Comme il s'en doutait, Sherlock mange dans son coin. Ou plutôt, il y a d'autres ados de son âge installés à la même table, sauf qu'ils discutent entre eux, sans prêter le moindre atome d'attention à lui. Ce n'est pas plus mal finalement. Toujours est-il que malgré le perpétuel talent des cuisiniers, le plat de ce soir, des lasagnes, est immangeable pour le brun, arrivant à peine à ingérer quelques bouchées. Quand il mangeait avec John et Capucine, il ne faisait même pas attention à ce qu'il y avait dans son assiette, dévorant sans réfléchir. Sherlock hoche une fois de plus la tête, ne parvenant pas à chasser cette habitude depuis ses sept ans. Il fait toujours ça pour chasser une pensée trop envahissante. Et ces dernières heures (à savoir maintenant quatre heures et trente-huit minutes depuis le départ de John), Sherlock ne parvient pas à enlever la chose qui revient en boucle dans sa tête. Il est seul.

Je suis seul.

Et ce n'est pas la mousse au chocolat en dessert qui va le réconforter.



Après le repas, ou du moins du peu qu'il a mangé, Sherlock se réfugie presque en courant dans sa chambre. Il se vautre dans son lit, et prend un livre au hasard. C'est un roman qu'il n'a pas encore découvert, mais d'après John, c'est très triste. Le brun craint d'attraper un torticolis à force de hocher la tête. Finalement, au bout d'une demie heure, le garçon abandonne sa lecture en plein milieu de chapitre, et éteint la lumière, avant de se coucher, tout habillé. Il s'endort en quelques minutes.

D'habitude, les rêves qu'il fait sont toujours très détaillés, presque réels, et ce pour le pire comme le meilleur. Mais cette fois-ci, Sherlock ne ressent rien d'autre que le vent. Un vent doux et légèrement frais lui soufflant délicatement au visage. Il fait noir, comme s'il gardait les yeux fermés. Et ça continue ainsi, jusqu'à ce que le vent devienne de plus en plus fort et froid, au point qu'au bout d'un moment, Sherlock tremble de froid. Puis il se rend compte que l'air est devenu humide et lourd. Le garçon a beau essayé d'ouvrir les yeux, il ne voit que du noir, un noir aussi profond que le ciel de nuit sans étoiles. Le néant, en somme. En comprenant ça, Sherlock sent son cœur rater un battement, avant de quitter brusquement le sommeil, se relevant de son lit, essoufflé.

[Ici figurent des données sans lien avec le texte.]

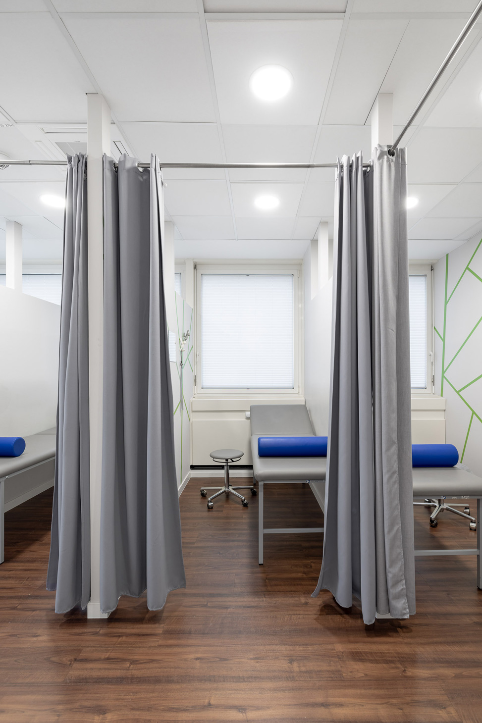 Die ehemalige Bürofläche wurde im Rahmen einer Umnutzung zu einer orthopädischen Arztpraxis ausgebaut. Auf rund 295 m² entstand eine klar zonierte Praxislandschaft mit Anmeldung, Wartebereichen, vier Behandlungs- und zwei Eingriffsräumen. Weitere multifunktional nutzbaren Räume, ein Röntgenraum, Umkleiden, Büro, Lager- und Nebenräume vervollständigen das Raumkonzept. Die Positionierung folgt funktionalen Abläufen und schafft zugleich visuelle Transparenz und Orientierung.

Par réflexe, il pose sa main sur le côté de son lit, mais n'y rencontre que le doux tissu de la couverture. Il n'y a rien d'autre. Il n'y a pas John. Sherlock frissonne. Ce n'est pourtant pas l'hiver en ce moment, et il n'a jamais été frileux. Qu'est-ce qui lui prend de grelotter ainsi ? Sherlock se lève, et se sentant quelque peu honteux et idiot, il récupère la seule peluche qu'il a gardé, Barberousse. Le chien est toujours aussi doux et chaud. Ce sera parfait pour se rendormir, à défaut d'avoir des bras aimants pour le serrer. Dans le silence et l'obscurité de sa chambre, à deux heures du matin, Sherlock chuchote dans le pelage roux de la peluche.

- Espèce de connard…



En dehors des cours ayant reprit, Sherlock passe une majeure partie de son temps libre à la bibliothèque. Ici, il peut être sûr d'être au calme et de trouver ce qu'il cherche. Aujourd'hui, il est d'humeur à composer, et par pure envie d'approfondir ses connaissances sur la musique, il cherche depuis un quart d'heure toute sorte d'ouvrage parlant de ses compositeurs préférés. Il aime particulièrement Strauss et Bach, jouant en général leurs morceaux, quand il ne joue pas ceux qu'il compose lui-même. Ce que le garçon veut savoir, et jusqu'où les musiciens ont puissé leur inspiration pour créer toutes leurs mélodies.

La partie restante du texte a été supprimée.